= GIVEN ENTRIES =
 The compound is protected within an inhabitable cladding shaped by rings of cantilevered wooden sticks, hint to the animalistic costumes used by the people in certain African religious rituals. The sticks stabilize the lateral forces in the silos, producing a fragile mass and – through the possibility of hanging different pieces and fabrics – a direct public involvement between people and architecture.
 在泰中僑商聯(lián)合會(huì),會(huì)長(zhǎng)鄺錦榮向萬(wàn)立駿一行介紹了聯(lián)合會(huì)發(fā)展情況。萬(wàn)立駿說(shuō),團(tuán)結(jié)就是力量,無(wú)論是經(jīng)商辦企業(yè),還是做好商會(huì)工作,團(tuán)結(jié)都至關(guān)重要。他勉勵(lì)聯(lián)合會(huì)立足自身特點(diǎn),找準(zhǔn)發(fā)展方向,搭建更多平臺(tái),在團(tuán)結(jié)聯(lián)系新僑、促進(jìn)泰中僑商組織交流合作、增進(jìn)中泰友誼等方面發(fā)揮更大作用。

...

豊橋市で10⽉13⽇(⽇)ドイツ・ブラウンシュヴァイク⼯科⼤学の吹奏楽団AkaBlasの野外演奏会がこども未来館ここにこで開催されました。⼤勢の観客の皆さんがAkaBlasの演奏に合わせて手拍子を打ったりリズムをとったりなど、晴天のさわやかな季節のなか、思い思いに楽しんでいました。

= WHAT TO PRODUCE =
What you return must be an exact retyping of the lines above starting at the line with "The compound is" and ending at the line with "在泰中僑商聯(lián)合會", and nothing besides.

= SOLUTION =
 The compound is protected within an inhabitable cladding shaped by rings of cantilevered wooden sticks, hint to the animalistic costumes used by the people in certain African religious rituals. The sticks stabilize the lateral forces in the silos, producing a fragile mass and – through the possibility of hanging different pieces and fabrics – a direct public involvement between people and architecture.
 在泰中僑商聯(lián)合會(huì),會(huì)長(zhǎng)鄺錦榮向萬(wàn)立駿一行介紹了聯(lián)合會(huì)發(fā)展情況。萬(wàn)立駿說(shuō),團(tuán)結(jié)就是力量,無(wú)論是經(jīng)商辦企業(yè),還是做好商會(huì)工作,團(tuán)結(jié)都至關(guān)重要。他勉勵(lì)聯(lián)合會(huì)立足自身特點(diǎn),找準(zhǔn)發(fā)展方向,搭建更多平臺(tái),在團(tuán)結(jié)聯(lián)系新僑、促進(jìn)泰中僑商組織交流合作、增進(jìn)中泰友誼等方面發(fā)揮更大作用。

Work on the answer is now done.